ITO in which Sn was added to ₂ O ₃ was used. The thickness was set to 1000 to 2000 °. The photoresist 12B is peeled off from the front plate 1 on which ITO is formed, and is washed and dried. Here, the transparent electrode 3 is formed by a lift-off method.
It goes without saying that it is also possible to form a film on the entire surface of the front plate 1, apply a photoresist, pattern the film, and pattern the film by etching using the film as a mask.

Next, as shown in FIG. 2E, the bus electrode 2 is formed in the recess 13 where the transparent electrode 3 is formed. At this time, as a method of forming the bus electrode 2, a method of forming a paste by mixing an organic solvent and a resin with the electrode material and forming a paste using the electrode material can be considered. In this embodiment, a paste obtained by mixing an organic solvent and a resin with an electrode material is formed in the concave groove 13 by a printing method. At this time, aluminum, silver, nickel, steel, chromium, or the like can be considered as an electrode material, but silver was used here. Also, in the case of the printing method, the screen groove is used to form the groove 13.
There is a method of printing the paste on the front plate 1 without using a screen plate and a method of putting the paste directly on the front plate 1 and embedding the paste in the groove 13 with a squeegee. The paste was printed.
However, when printing using the screen plate, 100 μm
Since it is difficult to form a pattern having a width smaller than the width, the pattern of the screen plate is made wider than the concave groove 13, and finally, the bus electrode 2 is formed up to the surface of the front plate 1.
In the printing stage, the paste was made to protrude from the surface of the front plate 1. This is to prevent the organic solvent and the resin component in the paste from being lost due to the baking, causing shrinkage, and preventing the paste from being formed evenly in the concave groove 13. This front plate 1
After drying and baking at 500 ° C. to 600 ° C., the protruding bus electrode was polished to make the surface of the bus electrode 2 and the surface of the transparent electrode 3 coplanar. Also, the groove 13
The protruding part was removed by laser.
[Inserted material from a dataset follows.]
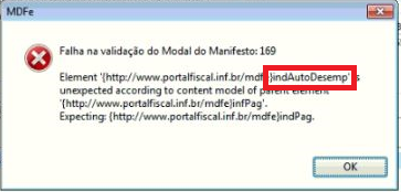 Ao efetuar a transmissão de um MDF-e ocorre a seguinte mensagem: Falha na validação do Modal do Manifesto: indAutoDesemp;

After the formation of the bus electrode 3 in the previous step, FIG.
The color filter 11 is formed as shown in FIG. The color filter 11 was formed by a thick film printing method. The color filter 11 is colored red, green, and grown so as to be the same as the emission color of the phosphor 8 formed on the back plate 9. When the front plate 1 is formed by a printing method, the front plate 1 is formed in a stripe shape orthogonal to the transparent electrodes 3 and the bus electrodes 2, so that the surface of the front plate 1 needs to be flat. If the surface of the front plate 1 has irregularities, unevenness in the film thickness of the color filter 11 and uneven drying occur after printing, which greatly affects the display. But,
As described above, the thickness of the transparent electrode 3 is 1000 to 2000.
、, the transparent electrode 3 and the polished bus electrode 2
Is substantially flat with respect to the front plate 1. Thereby, the color filter 11 can be easily formed.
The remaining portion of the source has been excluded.